Third, there is the important question of postcoloniality. To which places do the hybrid cultures of postcoloniality belong? Does the colonial encounter create a "new culture" in both the colonized and colonizing country, or does it destabilize the notion that nations and cultures are isomorphic? As discussed below, postcoloniality further problematizes the relationship between space and culture.

Last and most important, challenging the ruptured landscape of independent nations and autonomous cultures raises the question of understanding social change and cultural transformation as situated within interconnected spaces. The presumption that spaces are autonomous has enabled the power of topography successfully to conceal the topography of power. The inherently fragmented space assumed in the definition of anthropology as the study of cultures (in the plural) may have been one of the reasons behind the long–standing failure to write anthropology's history as the biography of imperialism. For if one begins with the premise that spaces have always been hierarchically interconnected, instead of naturally disconnected, then cultural and social change becomes not a matter of cultural contact and articulation but one of rethinking difference through connection.

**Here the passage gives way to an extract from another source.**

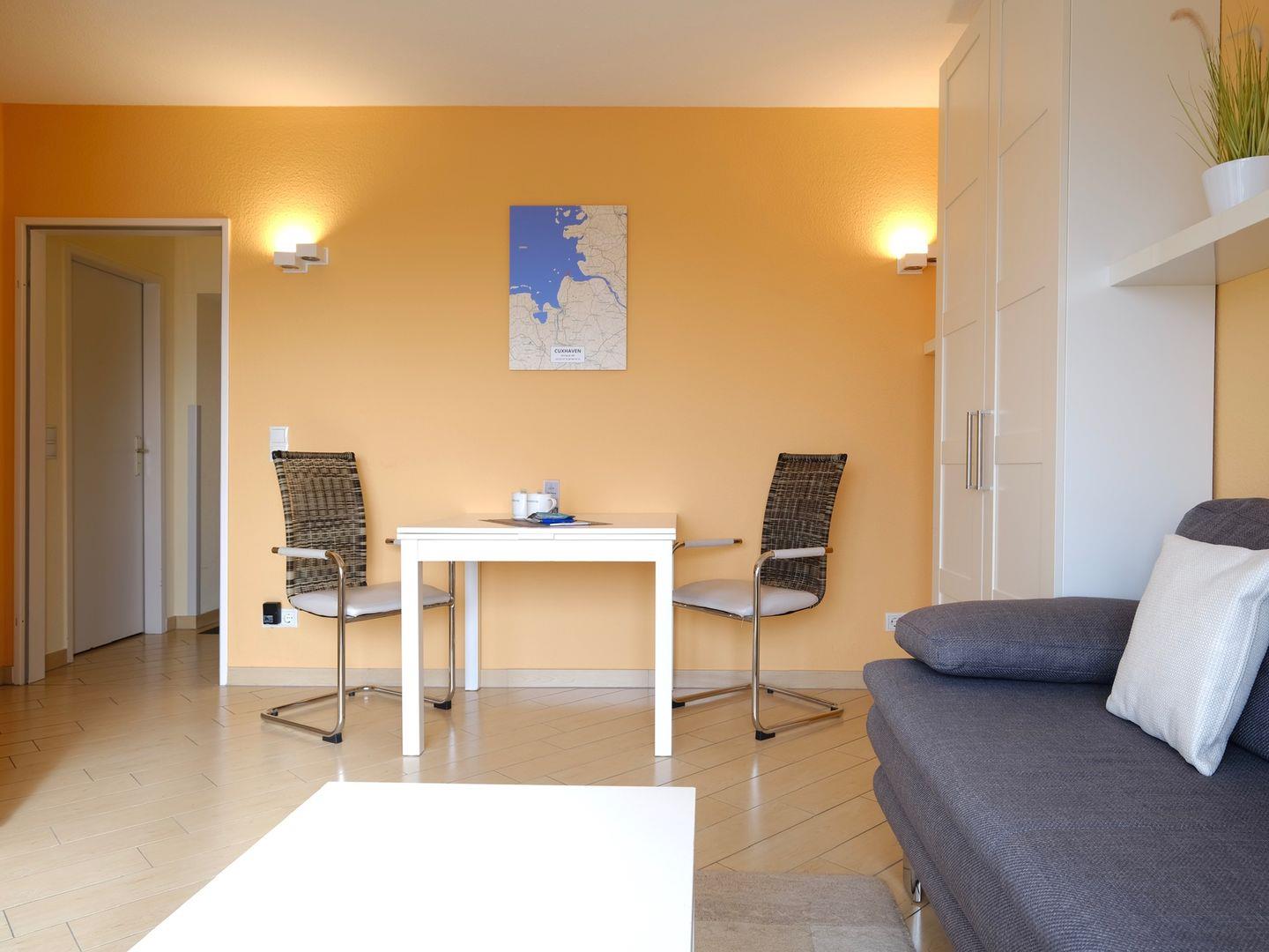 Modernes Appartement mit Balkon und Strandnähe in Cuxhaven-Döse, ideal für entspannte Tage am Meer.

To illustrate, let us examine one powerful model of cultural change that attempts to relate dialectically the local to larger spatial arenas: articulation. Articulation models, whether they come from marxist structuralism or "moral economy," posit a primeval state of autonomy (usually labeled "precapitalist") that is then violated by global capitalism. The result is that both local and larger spatial arenas are transformed, the local more than the global to be sure, but not necessarily in a predetermined direction. This notion of articulation allows one to explore the richly unintended consequences of, say, colonial capitalism, with which loss occurs alongside invention. Yet, by taking a preexisting, localized "community" as a given starting point, it fails to examine sufficiently the processes (such as the structures of feeling that pervade the imagining of community) that go into the construction of space as place or locality in the first instance. In other words, instead of assuming the autonomy of the primeval community, we need to examine how it was formed as a community out of the interconnected space that always already existed. Colonialism then represents the displacement of one form of interconnection by another. This is not to deny that colonialism or an expanding capitalism does indeed have profoundly dislocating effects on existing societies. But by always foregrounding the spatial distribution of hierarchical power relations, we can better understand the processes whereby a space achieves a distinctive identity as a place. Keeping in mind that notions of locality or community refer both to a demarcated physical space and to clusters of interaction, we can see that the identity of a place emerges by the intersection of its specific involvement in a system of hierarchically organized spaces with its cultural construction as a community or locality.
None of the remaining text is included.